DataRobot provides automated monitoring with a notification system. You can configure notifications to alert you when the service health, data drift status, model accuracy, or fairness exceed your defined acceptable levels.

#### [Set up data drift monitoring](https://app.datarobot.com/docs/mlops/governance/deploy-notifications.html#set-up-data-drift-monitoring)
Drift assesses how the distribution of data changes across all features, for a specified range. The thresholds you set determine the amount of drift you will allow before a notification is triggered.

Use the **Data Drift** section of the **Monitoring** tab to set thresholds for drift and importance:

- Drift is a measure of how new prediction data differs from the original data used to train the model.
- Importance allows you to separate the features you care most about from those that are less important.

For both drift and importance, you can visualize the thresholds and how they separate the features on the [Data Drift tab](https://app.datarobot.com/docs/mlops/monitor/data-drift.html).

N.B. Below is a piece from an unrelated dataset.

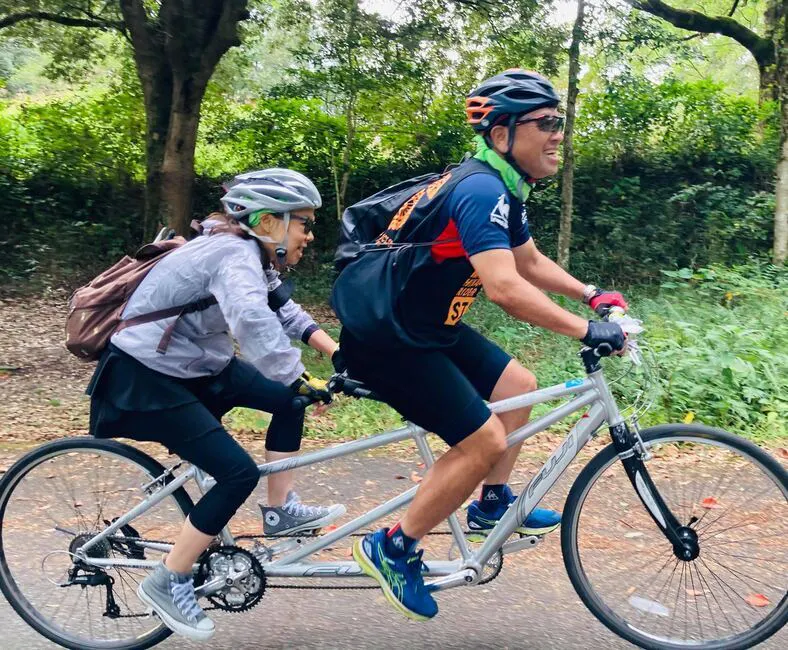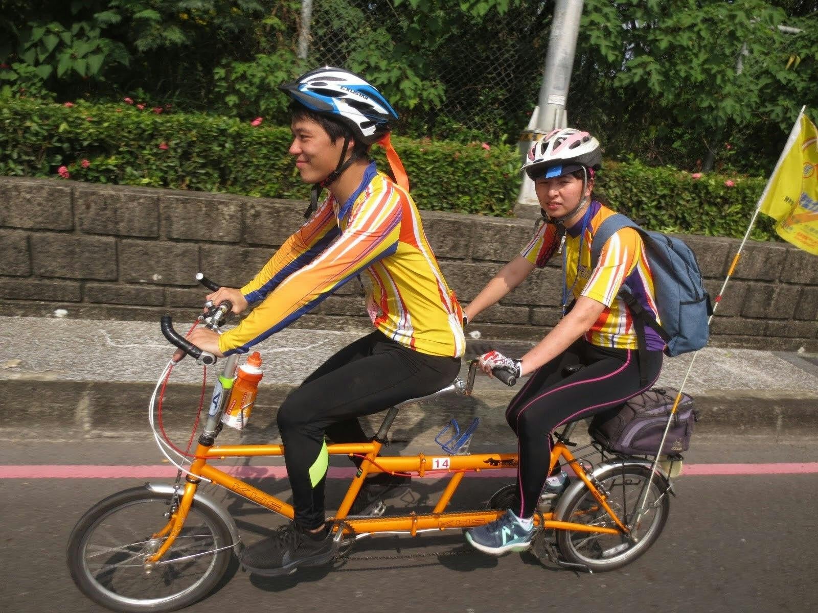 写真13:タンデム自転車の前と後ろの乗車スタイル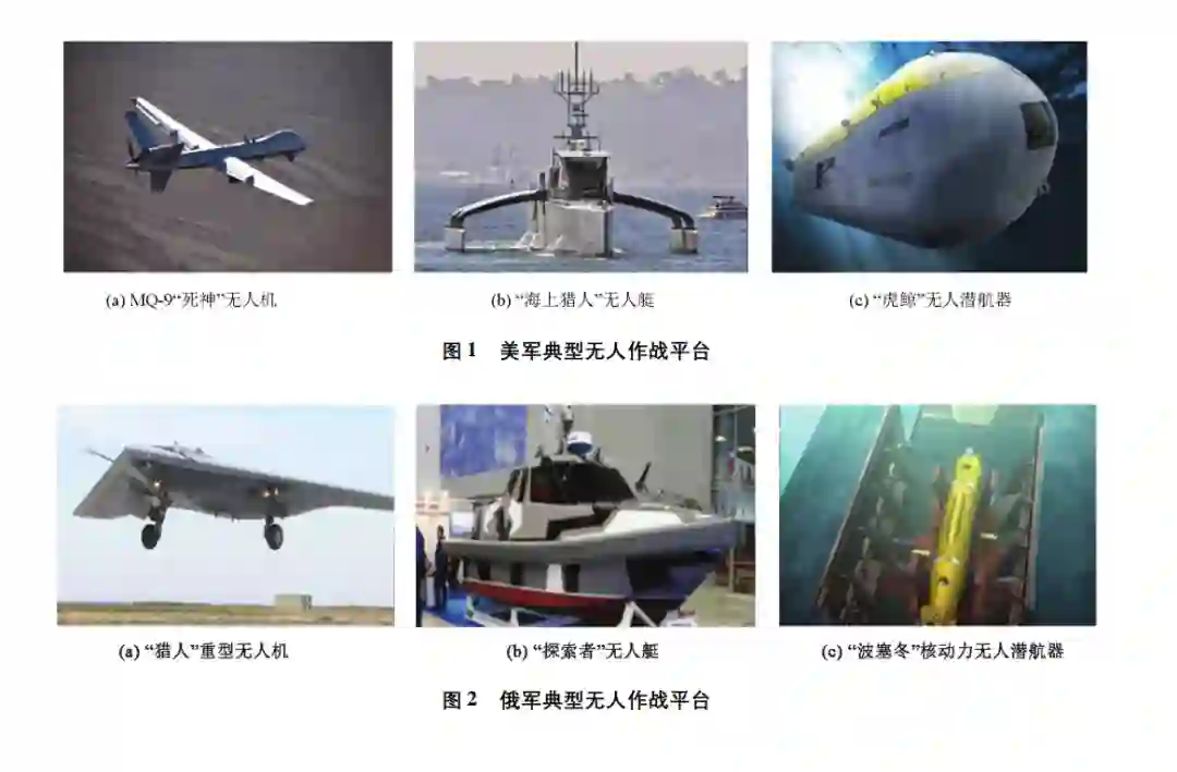 介绍了无人作战平台萌芽起步、探索改进和蓬勃发展三个阶段的发展历程,阐述了无人作 战平台侦察预警、指挥控制、综合打击、作战评估和联合保障五个方面的作战特点,从作战任务、作 战方式、作战模式和作战战法四个方面总结了无人作战平台的作战应用,重点梳理了无人作战平台 建设在战场态势感知、通信、协同控制以及推进与动力四个方面的技术难点,在此基础上,从装备构 成、功能设计和作战运用三个方面对无人作战平台的发展趋势进行了展望。无人作战平台是指具备无人驾驶能力、能够完 全按遥控操作或按预编程序自主运作、且可携带进 攻性或防御性武器遂行作战任务的一类武器平台。从组成要素看,无人作战平台主要包括空中无人作 战平台、地面无人作战平台、水面/水下无人作战平 台和太空无人作战平台; 从装备构成看,无人作战平 台主要包括无人机、无人战车、无人舰艇、无人潜航 器以及无人轨道飞行器等[1 - 2]。目前,无人作战平 台已在美国、俄罗斯等军事强国多场局部战争和反 恐行动中发挥了至关重要的作用。未来,随着人工 智能、大数据、物联网、云计算等高新技术的快速发 展和深入应用,战争形态将逐步由信息化向智能化 加速演进,因此,基于网络信息体系智能化条件下的无人作战将取代传统作战样式,无人作战平台也将 取代有人作战平台成为未来战场的主要作战力量。同时,科学技术的发展也促进了无人作战基本概念、 技术支撑和制胜机理等理论层面的不断突破,与之 对应的无人作战平台将成为未来世界各军事大国竞 相角逐的主要领域。

#### [Set up accuracy monitoring](https://app.datarobot.com/docs/mlops/governance/deploy-notifications.html#set-up-accuracy-monitoring)

For Accuracy, the notification conditions relate to a performance optimization metric for the underlying model in the deployment. Select from the same set of metrics that are available on the Leaderboard. You can visualize accuracy using the [Accuracy over Time graph](https://app.datarobot.com/docs/mlops/monitor/deploy-accuracy.html#accuracy-over-time-graph) and the [Prediction & Actual graph](https://app.datarobot.com/docs/mlops/monitor/deploy-accuracy.html#predicted-actual-graph).

Accuracy monitoring is defined by a single accuracy rule. Every 30 seconds, the rule evaluates the deployment's accuracy. Notifications trigger when this rule is violated.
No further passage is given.